From the perspective summarised above, it can be said that Jewish Americans, all of them not just the 25% or thereabouts who are cannon fodder for the Zionist lobby in its various manifestations, have real political power, actually more democratic power if those choose to exercise it than AIPAC can mobilize by playing the fear card. On 9 November, when he addresses the General Assembly of The United Jewish Communities (UJC), to be known from then on as The Jewish Federations of North America, President Obama has the opportunity to speak truth to that power (or at least a very significant number of its representatives).
If I was writing Obama’s speech for that occasion I would have him say this:
To make peace in the Middle East on terms that provide security for Israel and an acceptable amount of justice for the Palestinians, I need two irrevocable, good faith commitments of intent – one from the Arab and wider Muslim world, the other from Israel.
In headline terms, the irrevocable commitment I need from the Arab and wider Muslim world comes down to this. In return for an end to Israeli occupation of all Arab land captured in 1967, it will make a full and final peace with Israel and establish normal state-to-state relations.
The irrevocable commitment I need from Israel comes down to this. In return for the Arab and wider Muslim world’s commitment of intent, Israel commits to withdrawing its military forces and settlers to the borders as they were on 4 June 1967, to make the space, on the West Bank and the Gaza Strip, for the creation of a viable Palestinian state.

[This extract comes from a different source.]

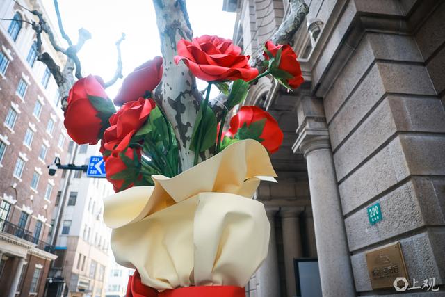 近日,福州路上出现两棵"玫瑰花树"艺术装置,树上娇艳的玫瑰与灯光交织,白天清新浪漫,夜晚唯美梦幻,成为城市一道亮丽风景线。

Of course the headlines don’t tell the whole story. It includes the fact that there is a Saudi-inspired peace plan that’s been on the table since its adoption by an Arab summit in Beirut in 2002. It comes close to the irrevocable commitment I am seeking from the Arab and wider Muslim world, but Barack Obama the honest broker has to say this about it. Under two headings, that peace plan requires some clarification and amendment if it is to be transformed into the commitment I need.

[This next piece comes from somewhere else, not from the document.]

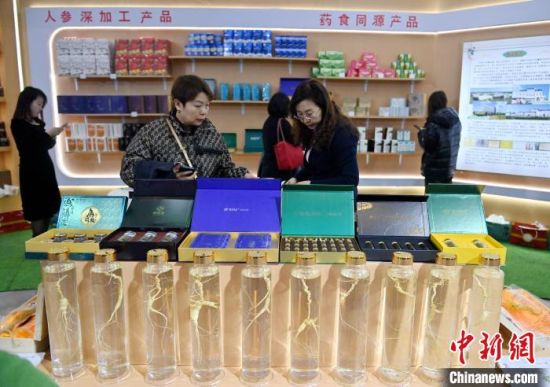消費者在2024長春國際醫(yī)藥健康產(chǎn)業(yè)博覽會上選購人參產(chǎn)品。張瑤 攝

- The Arab peace plan calls for “the achievement of a just solution to the Palestinian refugee problem to be agreed upon in accordance with UN General Assembly Resolution 194.” That resolution, passed on 11 December 1948, declares that all Palestinian refugees wishing to return to their homes and live in peace with their neighbours “should be permitted to do so at the earliest practicable date“. It also declares that “compensation should be paid for the property of those not wishing to return“.Sixty years on it could be said, and I do say, that it’s more than reasonable for all Palestinians who were dispossessed of their homes, their land and their rights to have the expectation of returning in accordance with Resolution 194, which itself is in accordance with international law. But as things are today, it’s not a practical proposition. If there was no limit to the number of Palestinians who returned, the Jews of an Israel inside its borders as they were on 4 June 1967 would be out-numbered by Arabs; and, if Israel remained a democracy, it would be voted out of existence. As some might put it, an unlimited return would lead to the “de-Zionisation” of Israel, “the end of Zionism’s colonial enterprise”. No Israeli government is ever going to agree to that. I therefore suggest that the commitment of intent I am seeking from the Arab and wider Muslim world should declare that the Palestinian right of return will be limited to the Palestinian state of the West Bank and the Gaza Strip, and that those Palestinians wanting to return and who cannot be accommodated will be cash compensated.I wish to add here my own recognition of the fact that such a solution to the Palestinian refugee problem would be far from ideal. It would require the Palestinians to settle for something considerably less than full and complete justice. But they have to be realistic.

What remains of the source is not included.